Aim of the task
The full listing, exactly as written and with no images, is the expected output.

Information shown
◇ ◇ ◇ ◇
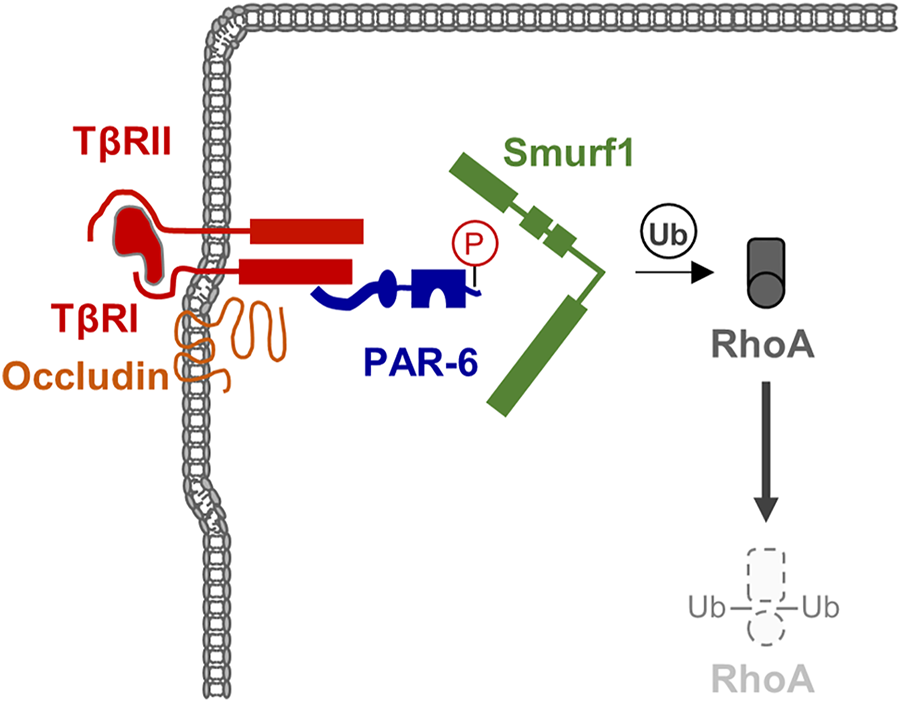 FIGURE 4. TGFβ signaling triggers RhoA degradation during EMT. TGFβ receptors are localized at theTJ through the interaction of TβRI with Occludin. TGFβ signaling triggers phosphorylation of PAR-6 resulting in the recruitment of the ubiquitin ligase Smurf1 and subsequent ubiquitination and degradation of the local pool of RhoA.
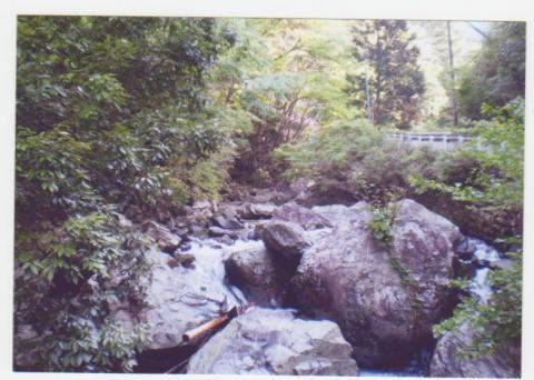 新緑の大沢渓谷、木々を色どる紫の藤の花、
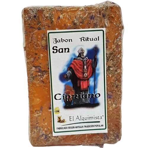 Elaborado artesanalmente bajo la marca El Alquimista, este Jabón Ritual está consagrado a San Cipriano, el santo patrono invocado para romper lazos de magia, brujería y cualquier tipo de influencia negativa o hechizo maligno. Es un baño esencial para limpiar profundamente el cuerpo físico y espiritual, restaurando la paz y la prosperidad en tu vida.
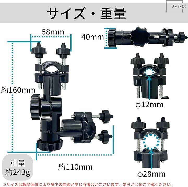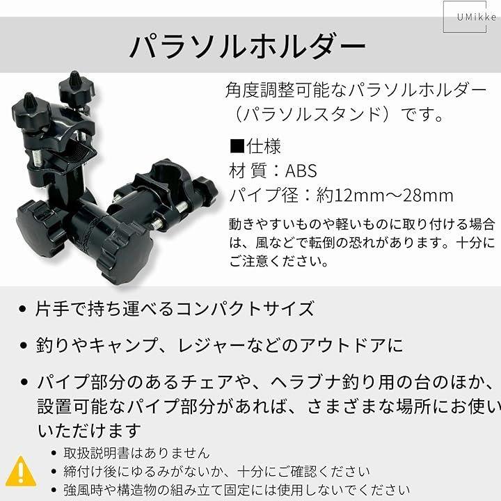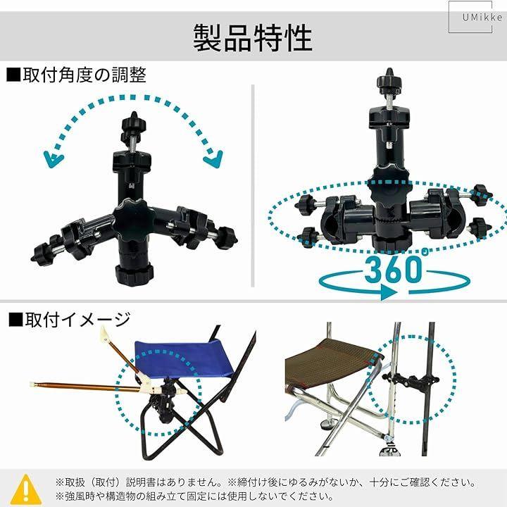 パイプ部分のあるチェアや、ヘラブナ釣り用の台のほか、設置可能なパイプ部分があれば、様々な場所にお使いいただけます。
◇ ◇ ◇ ◇
Answer to this exercise
 FIGURE 4. TGFβ signaling triggers RhoA degradation during EMT. TGFβ receptors are localized at theTJ through the interaction of TβRI with Occludin. TGFβ signaling triggers phosphorylation of PAR-6 resulting in the recruitment of the ubiquitin ligase Smurf1 and subsequent ubiquitination and degradation of the local pool of RhoA.
 新緑の大沢渓谷、木々を色どる紫の藤の花、
 Elaborado artesanalmente bajo la marca El Alquimista, este Jabón Ritual está consagrado a San Cipriano, el santo patrono invocado para romper lazos de magia, brujería y cualquier tipo de influencia negativa o hechizo maligno. Es un baño esencial para limpiar profundamente el cuerpo físico y espiritual, restaurando la paz y la prosperidad en tu vida.
 パイプ部分のあるチェアや、ヘラブナ釣り用の台のほか、設置可能なパイプ部分があれば、様々な場所にお使いいただけます。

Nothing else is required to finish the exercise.